Lossy Image Compression using Hierarchical VAEs

This repository contains the authors' implementation of several deep learning-based methods related to lossy image compression.

Models
Results
Install
Usage (compress, decompress, train, evaluation)
Licenses

Models

Implemented Methods (Pre-Trained Models Available)

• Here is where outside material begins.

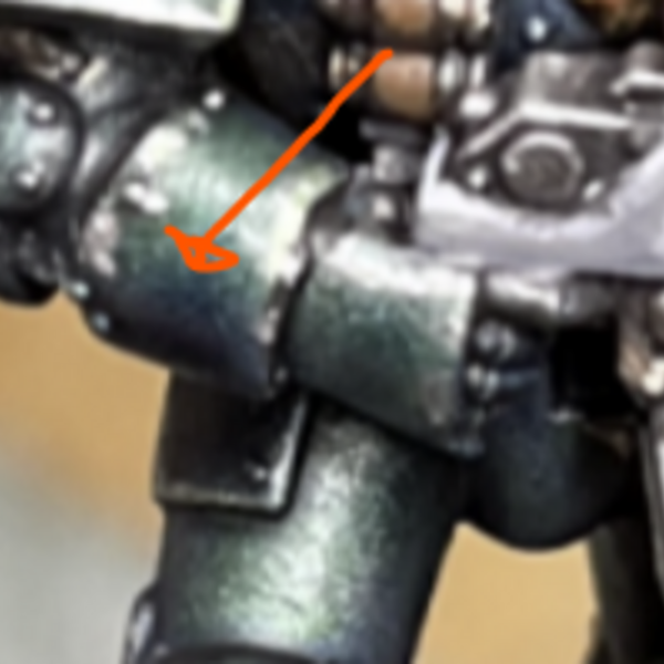 - The next section is completely optional, but some areas look a bit flat without some extra detailing. So I use watered down Gunmetal for highlights, and Black Templar for shadows. Then using a little water on the brush you can drag the paint to create transitions. The main area I hit is on the rounded vambraces.

Lossy Image Compression with Quantized Hierarchical VAEs [arxiv] [cvf] [ieee]
- Published at WACV 2023, Best Algorithms Paper Award
- Abstract: a 12-layer VAE model named QRes-VAE. Good compression performance.
- [Code & pre-trained models]: lossy-vae/lvae/models/qres
QARV: Quantization-Aware ResNet VAE for Lossy Image Compression [arxiv] [ieee]
- Published at TPAMI 2023
- Abstract: an improved version of the previous model; Variable rate, faster decoding, better performance.
- [Code & pre-trained models]: lossy-vae/lvae/models/qarv
An Improved Upper Bound on the Rate-Distortion Function of Images [arxiv] [ieee]
- Published at ICIP 2023
- Abstract: a 15-layer VAE model used to estimate the information R(D) function. This model proves that -30% BD-rate w.r.t. VTM is theoretically achievable.
- [Code & pre-trained models]: lossy-vae/lvae/models/rd

Features

Progressive coding: our models learn a deep hierarchy of latent variables and compress/decompress images in a coarse-to-fine fashion. This feature comes from the hierarchical nature of ResNet VAEs.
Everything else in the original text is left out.